Rejets massifs, exigences changeantes et absence de mesures d’accompagnement : la certification des assistants infirmiers au ministère de la Santé provoque une onde de choc dans les écoles privées et plonge des centaines de candidats dans l’incertitude, après deux années de formation coûteuse.
La situation est jugée alarmante par de nombreux acteurs du secteur de la formation en santé. Cette année, beaucoup d’élèves assistants infirmiers issus des écoles privées ont été rejetés lors de la phase de validation des dossiers les empêchant de se présenter aux examens d’État, malgré le paiement intégral de leur formation.

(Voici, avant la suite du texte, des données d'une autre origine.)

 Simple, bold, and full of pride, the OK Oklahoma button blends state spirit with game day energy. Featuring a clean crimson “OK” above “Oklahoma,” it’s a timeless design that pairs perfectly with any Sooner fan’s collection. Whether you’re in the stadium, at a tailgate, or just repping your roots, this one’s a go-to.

Selon plusieurs responsables d’établissements, ces rejets s’appuient sur des motifs administratifs et pédagogiques contestés : nombre de stages jugé insuffisant, dossiers déclarés incomplets ou encore nouvelles exigences introduites tardivement, sans concertation préalable. «Chaque année, des règles apparaissent au moment du dépôt des dossiers, rendant la conformité presque impossible», confie un responsable d’école sous couvert d’anonymat.

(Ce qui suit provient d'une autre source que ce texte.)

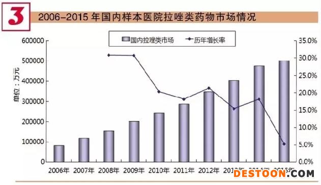 蘭索拉唑是第二代質(zhì)子泵抑制劑,主要?jiǎng)┬陀蟹坩槃?、片劑和膠囊劑。2008年,江蘇奧賽康藥業(yè)開發(fā)注射用蘭索拉唑粉針劑后,國(guó)內(nèi)相繼有12家企業(yè)獲得粉針劑生產(chǎn)批件。新劑型的上市大大激發(fā)了市場(chǎng)潛力。從2005-2015年整體銷售趨勢(shì)來看,該產(chǎn)品增勢(shì)強(qiáng)勁。2005年,樣本醫(yī)院蘭索拉唑用藥金額為2526萬元;2015年,用藥金額達(dá)13.5億元;近10年增長(zhǎng)近53.3倍,其復(fù)合增長(zhǎng)率為48.8%。特別是2009年蘭索拉唑進(jìn)入國(guó)家醫(yī)保目錄后,極大激發(fā)了市場(chǎng)份額的快速增長(zhǎng)。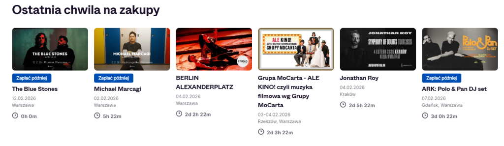 Platforma oferuje dostęp do różnych rodzajów rozrywki, dzięki czemu każdy znajdzie coś dla siebie – od fanów muzyki i teatru po miłośników sportu i rodzinnych wydarzeń edukacyjnych.

Exigences variables et règles instables
Parmi les points les plus décriés figure l’exigence du certificat de nationalité, tantôt tolérée, tantôt rendue obligatoire selon les années. Une règle héritée d’un ancien système, lorsque les diplômés intégraient automatiquement la fonction publique. Aujourd’hui, alors que le contexte a profondément évolué, cette exigence continue de bloquer des étudiants, y compris ceux régulièrement inscrits et formés.
Des stages irréalisables dans les conditions actuelles
Autre difficulté majeure : les exigences en matière de stages, jugés irréalisables. Les étudiants doivent valider jusqu’à 13 stages, auxquels s’ajoutent les stages ruraux, dans un contexte marqué par la rareté des terrains de stage, l’absence d’accompagnement institutionnel et des coûts élevés supportés par les apprenants et les écoles sans aucune subvention de l’Etat.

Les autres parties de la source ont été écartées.